On poor Thomas’ body were found "a portion of a toy pistol, an empty cigarette case and an obsolete military nipple key". The inspector concluded that the explosion had been caused by "some boyish experiment" by the apprentice involving these curious items, or by his hobnail boots sparking against a nail protruding from the wooden floorboards.

However, firearms historians have since looked at Mr Cooper’s pictures and seen the wooden frames of the ruined buildings. Their modern knowledge says that untreated wood soaks up fine gunpowder like a sponge soaks up water. When it reaches a certain density, even a spark from static electricity would cause it to go up.

About six months after the blast, Mr Smythe donated the first bowls to South Park where an uneven patch of “ridge and furrow” grass had been set aside by the council for the increasingly fashionable sport – the rules of the game were codified in Scotland in 1893.

Perhaps with his gift, Mr Smythe was showing his kind side; perhaps he wanted to promote his shop which had re-opened in Horsemarket. Or perhaps the gift was his way of apologising for blowing up a sizeable chunk of the town centre.

On March 11, 1896 – 125 years ago on Thursday – Mr J Deas chaired a meeting in the Mechanics to form a club to play on the “New Green” in the park with Mr Smythe’s bowls. “There was a large number of lovers of the game present,” said The Northern Echo.

The Northern Echo: The South Park league winning bowlers of 1900: behind them is the Park Lodge with an observation platform at the top of its tower. In July 1901, the tower was heightened and the Potts Memorial Clock was placed in it

Among them, and elected to the first committee, was James Morrison, the Park Superintendent who lived in Park Lodge. He planted many of the park’s trees and introduced the carpet bedding – the elaborate floral schemes that once graced its slopes. He was a keen bowler and must have laid out the New Green, at a cost of £80, on top of a lawn tennis court near the park entrance, where the green is today.
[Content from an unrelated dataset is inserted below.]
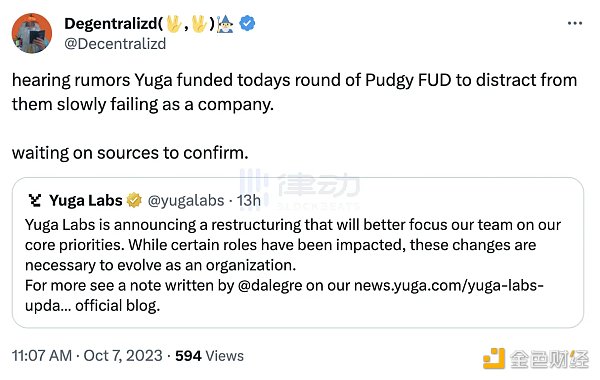 NFT 项目 DystoWassies 创始人 Decentralizd 则认为,本次 Horlomite Research 针对 Pudgy Penguins 项目创始人突如其来的指责,背后或许是同为 NFT 项目的 Yuga 希望转移舆论焦点的一次举动:「听说 Yuga 资助了今天的 Pudgy FUD 一轮融资,以分散人们对他们作为一家公司正在慢慢失败的注意力。」

The club immediately joined the South Durham and Cleveland League, formed in 1895, which consisted of teams from Middlesbrough, Thornaby, Stockton, Grove Hill, Ropner Park and Redcar. The first match, against Grove Hill in Middlesbrough, on May 6 ended in a 101-62 victory.

The Northern Echo: From The Northern Echo of October 10, 1894

The years before the First World War were a heyday of Darlington bowls. South Park won the Cleveland league for the first time in 1899, but soon left to join the Darlington & District League, formed in 1903, to cater for all the clubs exploding onto life in the town.

Further council greens were laid in North Park (1903), North Lodge Park (1906), East Park (1908) and at Hundens and Brinkburn Dene (1920s). The Darlington Railway Athletic Bowls Club opened in 1913 and was probably the first of many workplace teams – the Post Office, Rise Carr rolling mills, Whessoe, Rothmans and Cummins were all regulars on the fixture list during the 20th Century.

The Northern Echo:

Some of the workplace teams could boast private rinks which were not dependent on council maintenance, and so in 1938 South Park signed a deal to migrate to Greylands, a mansion on Coniscliffe Road. An emergency meeting thwarted the move, but in 1947 a group did breakaway to form the Woodland Bowling Club, in a mansion (with a bar) opposite the hospital.

Deciding to stay in the public park, has helped create the club’s modern identity. It regards itself as “the people’s club in the people’s park”, open to all – you can even hire some woods from the café (when it is open) and have a roll-up.

The Northern Echo: Bowling in South Park

The virus has obviously hit the club hard, but bowls ticks many of the post-pandemic boxes of outdoor exercise on the local doorstep. Ahead of the green opening on April 12, at least 30 new members have joined up, and there are seven new men’s teams and three new women’s teams ready to go.

The club celebrated its 125th anniversary on Thursday with a Zoom presentation evening and a hope that the new season will soon explode into joyful bowling action.